Wednesday, June 23, 2010
Hyde Park Mystery
This week is my second annual mystery week, in which I have arranged the classroom as a sort of choose-your-own-adventure murder mystery. Each pair of students make a Holmes-and-Watsonesque duo called Mycroft Pound and Dr. Browning.
While it's true there's no way to make them converse in English in this activity, they must at least read for understanding and process some reasonably complex information. They begin by reading a few paragraphs on a worksheet, and I ask each team a few questions before they can enter the classroom and begin sleuthing. They record the number of each station they visit on their worksheet--which makes it easy for me to know if they followed a correct sequence.

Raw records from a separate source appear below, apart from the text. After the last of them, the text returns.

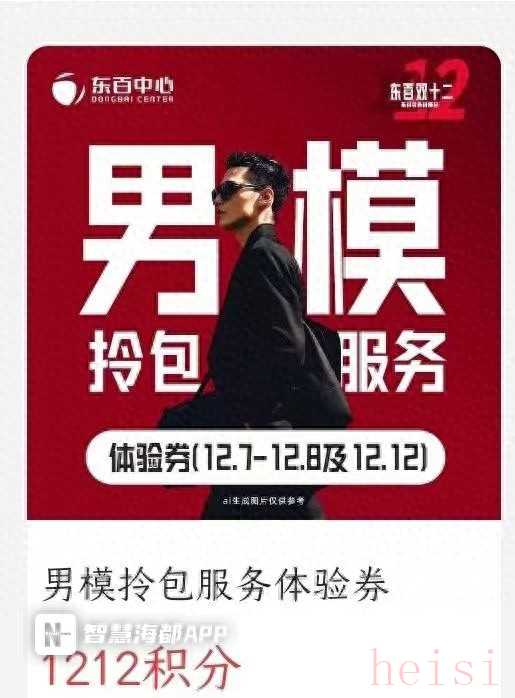 老牌百貨東百中心又出新招,1212積分可兌換“男模拎包”服務,這一獨特方式迅速吸引了廣大市民的關注與熱議,成為東街口商圈的一大賣點。
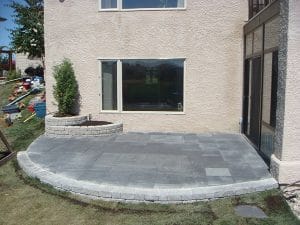 ← Raised patio with Dynasty Slate patio blocks in charcoal
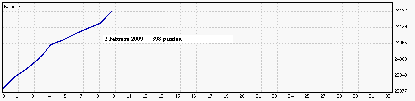 Dicho lo cual, el día de hoy si me gusta como se mueve el bicho, y la inactividad y paciencia del viernes es hoy recompensada, 7 operaciones cerradas mas o menos 300 Puntos, y el 60% de ellas fueron ganadoras, luego perdedoras para despues convertirse en mas ganadoras que en la primera fase.
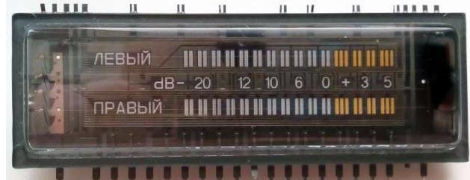 07.12.2023 Автор: liman28 Индикатор ИЛТ4-30М (П402А) двухцветный — основной цвет зелёный, цвет элементов, отображающих наивысшие уровни сигнала — красный. Выполнен в стеклянном корпусе с 20-ю плоскими лужеными выводами для монтажа на печатную плату. Основные параметры индикатора ИЛТ4-30М Как правило в ИЛТ4-30М две сетки одна для верхней части индикатора, вторая для нижней, но в моем индикаторе три сетки, первая сетка находится на элементами «ЛЕВЫЙ» «ПРАВЫЙ» и две другие над верней и нижней частями шкал уровня сигнала. Поэтому первая сетка не имеет управления и напряжение +30 В подается на нее через резистор. Вторая и третья сетка запитываются от транзисторных ключей. Так же следует учитывать, что что элементы «ЛЕВЫЙ», «ПРАВЫЙ», шкала dB и первый сегмент индикатора уровня имеют один общий анод (поэтому горят постоянно и не участвуют в динамической индикации), который так же не имеет управления и напряжение +30 В подается на нее через резистор. Все остальные сегменты индикатора имеют упр
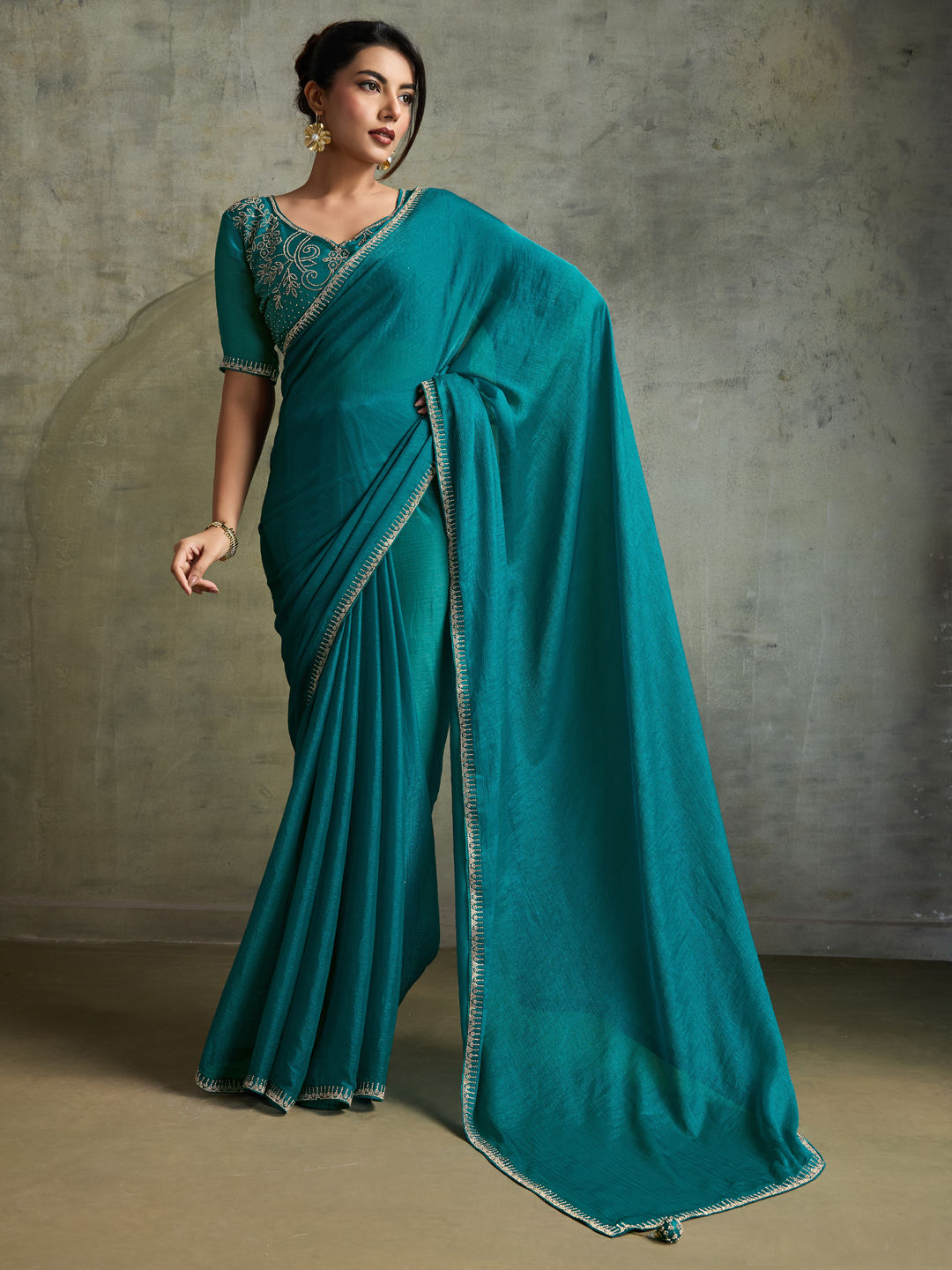 Blue color Saree in Chinon Silk fabric with Swarovski work
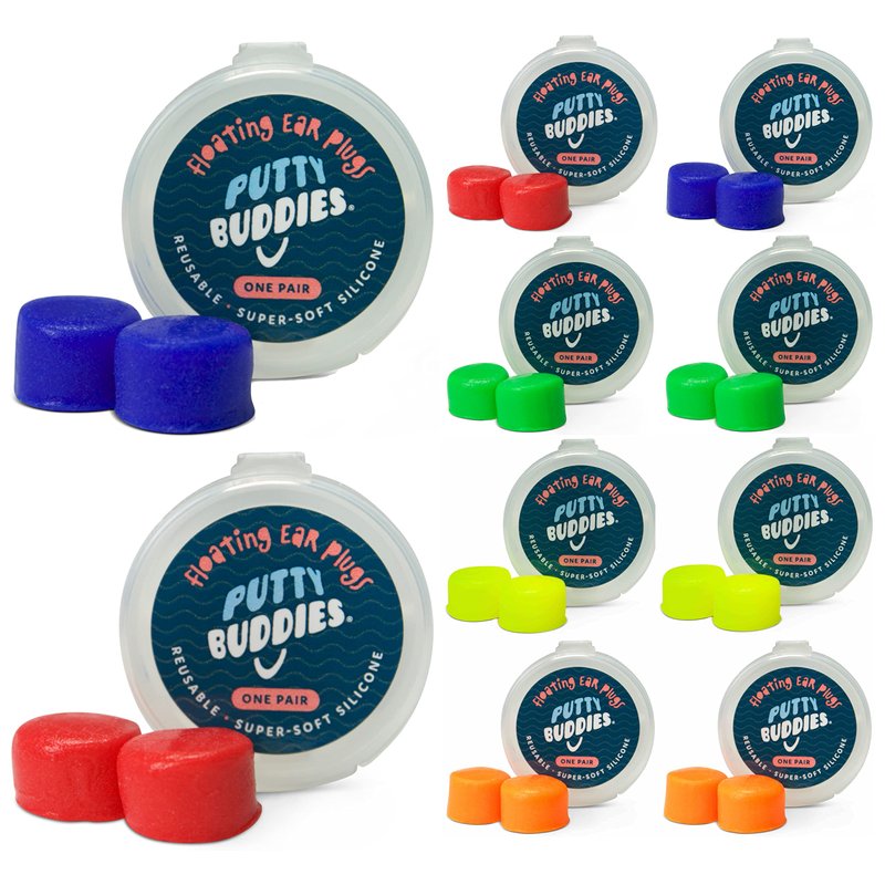 The assorted color option consists of 2 blue, 2 red, 2 green, 2 yellow, 2 orange. Putty Buddies are soft moldable silicone earplugs perfect for swimming and bathing. They are very easy to use and mold to the ear. These Putty Buddies ear plugs are made with our special, patented Flo-Tek silicone formula. They float easily on water so they can always be found if dropped or dislodged! THE WORLD’S ONLY FLOATING SOFT MOLDABLE SILICONE EARPLUGS! Putty Buddies feature a super soft silicone which are much more soft and comfortable than other earplugs. They are also extra tacky which keep earplugs in place for maximum effectiveness. Invented by an Ear, Nose, Throat Physician and recommended by doctors worldwide. HELPS PREVENT SWIMMER’S EAR. GUARANTEED EAR PROTECTION. Block water from the ear canal! Great for swimming, bathing, surfing, water skiing, canoeing, and kayaking. Perfect for traveling to the pool, lake or beach. For maximum protection earplugs should be worn with the Ear Band-It or Ear Band-It Ultra swimming headband. HOW TO USE PUTTY BUDDIES silicone earplugs: DO NOT INSERT INTO EAR CANAL. Plugs should be applied by an adult, never a child. Flatten plugs with fingers & shape to cover outer ear until snugly fit. DO NOT tear plugs at any time. Use entire plug for each ear. DO NOT FORCE INTO EAR CANAL. Remove plugs by pressing up under the backside of the ear and pulling down on the ear lobe. Alternating these techniques several times will release the plug over the ear canal for easy removal. Plugs may be used for up to 2 weeks with proper handling. Discard & do not use if plugs become dirty, lose their tackiness, or begin to crack/crumble. Apply, use, and remove with adult supervision. Ear plugs are for use ONLY in water. If the user is out of the water for more than 5 minutes, please remove ear plugs, store and reapply (or use new pair) when re-entering the water.

It is possible to get off track about three different ways, but hopefully the vast majority will solve the crime. If you lose the scent completely, you are directed to card #18, where you start again.
This is the same activity I wrote about here, although I obviously had to create a new mystery since the second graders did it last year. There was a little vocabulary I needed to cover, so I took a few minutes of the previous class to prep them--words like blackmail and blotter paper and charwoman.
It's kind of a pain to set up, it took about three hours of my Friday afternoon, and lots of advance planning. But I like the challenge, and the students seem to like the challenge it presents to them--even the ones who don't totally solve the mystery think it's funny, which is Konglish for fun.